Because most philosophies that frown on reproduction don't survive.

Friday, August 19, 2011

Which of these books is not like the others?

Just cleared some of the excess books off my nightstand.
Oxford Book of English Verse
Between the Woods and the Water, Patrick Leigh Fermor
A Time to Keep Silence, Patrick Leigh Fermor
Ethan Frome, Edith Wharton
The Lighthouse, P.D. James

The Lighthouse was one of the books left in our library by the Dunns, and in a compulsive reading fit I pulled it out of one of the reject boxes. I was wrong. Let me regale you with a few quotes from the cover:
"One of the most compelling books of her remarkable career... A magisterial and subtle exploration of all-too-human emotions." -- The Seattle Times

"James is at the height of her writing powers." -- The Baltimore Sun
Doubtless reviewers of books are confronted with a great deal of dreck, in comparison to which even a well-written phone book has its compensations, but I think that the good critics of the Times and the Sun are stretching it a leetle. If this is the height of James' powers, I'm mightily glad I've never read any of her lesser works. Here, a snippet:
It was only minutes before they were passing over the crinkled blue of the Bristol Channel, and almost at once Combe Island lay beneath them, as unexpectedly as if it had risen from the waves, multicoloured and as sharply defined as a coloured photograph."
Clunk.

This kind of book is why I'm glad I don't read any kind of series in which your recurring characters have to layer their own petty personal drama over the story. James, who always opts for the "telling" side of the "Show, don't tell" proscription, lobs her character and story developments with all the precision of a water balloon thrown by my three-year-old, and with as messy results. Every carefully detailed back story is as multicoloured and as sharply defined as a coloured photograph.

Those who can do, write; those who can't, write genre fiction.

6 comments:

Christy from fountains of home said...

Oh ouch!
I've always found James to be a deft writer, if not perfect. But her grasp of the genre is great. Although The Lighthouse wasn't her best. I think sometimes if you don't like a genre its harder to enjoy a book.
Sorry to hear it though!

beadgirl said...
This comment has been removed by the author.
beadgirl said...

That's not fair. There are many genre writers who write beautifully, and plenty of "non-genre" writers (and every writer is working in a genre, just as every person speaks with an accent) who are no good at all.

Enbrethiliel said...

+JMJ+

I have to chime in with the genre fiction enthusiasts.

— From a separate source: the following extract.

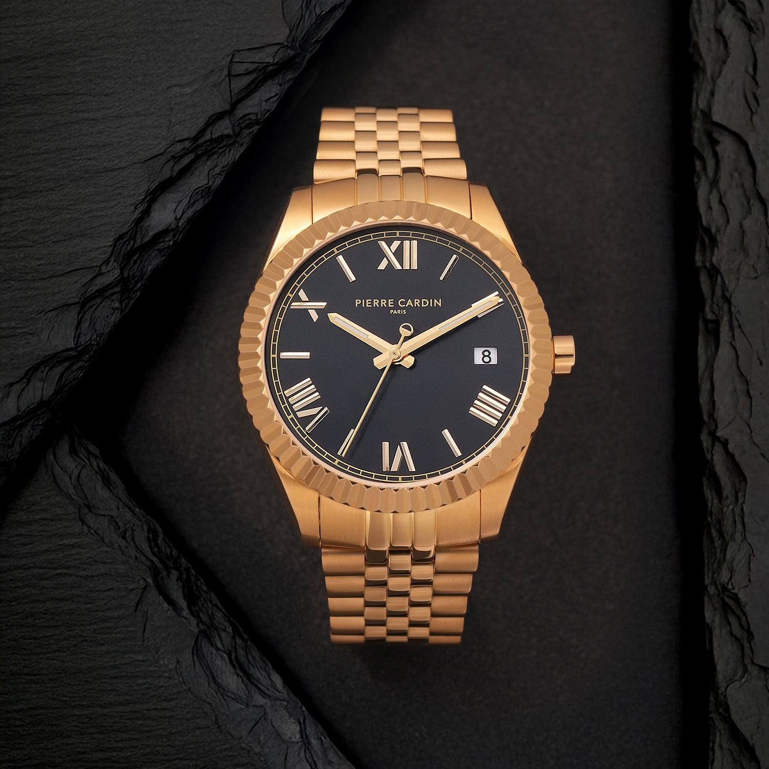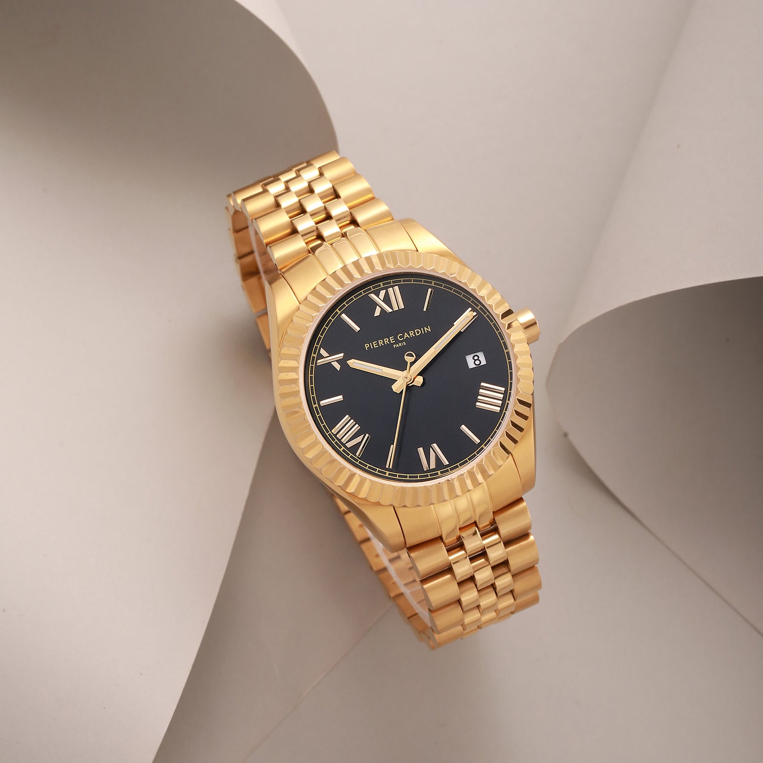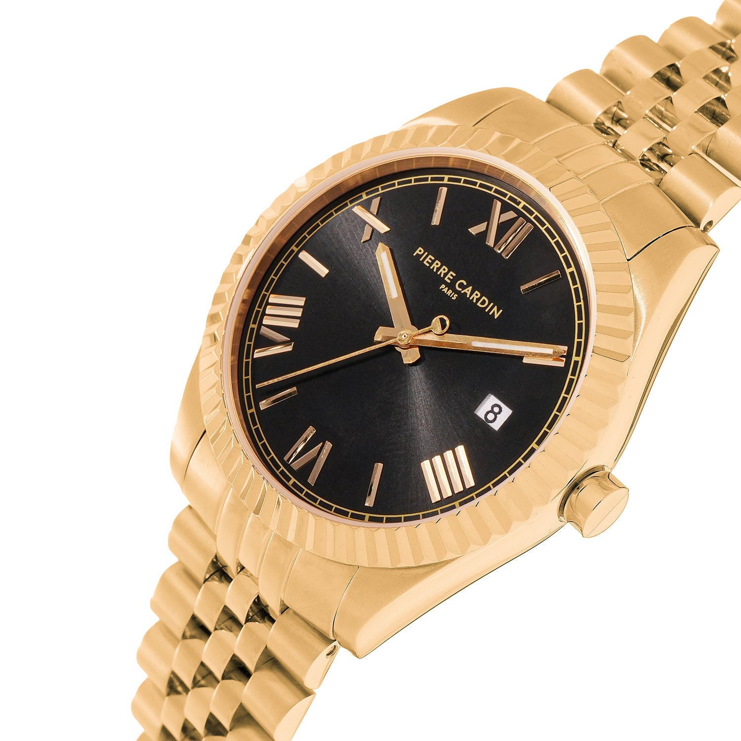 Discover the style and precision of the Opéra Timbre Men's watch. This 40mm timepiece features a Black dial powered by a Quartz movement from Japan. Encased in Gold with a Gold Metal Strap, it blends durability with refined elegance. Perfect for those who appreciate craftsmanship and everyday versatility, this watch is a modern statement piece that balances functionality and timeless appeal.

The writers in this area may never be celebrated for their prose (although a couple of Romance novelists who should be--and one very obvious head-and-shoulders-above-the-rest Horror writer--just leaped to mind), but they have their own legitimate writing skill. It takes a different kind of creativity to write what is essentially the same story over and over again, making it "new" each time. (Which is not to say, of course, that every genre author who tries also succeeds.)

I like genre fiction (and movies) because formulae fascinate me. So many different variations of the exact same thing! And some writers who can at once stay true to the rigid conventions and send them up in unexpected ways.

Julie D. said...

I never cared for James' mysteries much but her "Children of Men" is wonderful and unique. Give that a try.

Banshee said...

Never really a fan of P.D. James, but she was a good writer. The Lighthouse was not all that good, but she went on her last author tours for it, so of course the critics were kind.

And if the critics were reading the book while sailing on the QE2 with James, as my parents did, the critical faculties may have been slightly bent by her personal charisma and the amazingly good food on board. Heck, if I were eating gourmet all day with ocean views, I would probably have kind words for Twilight or The Sword of Shannara.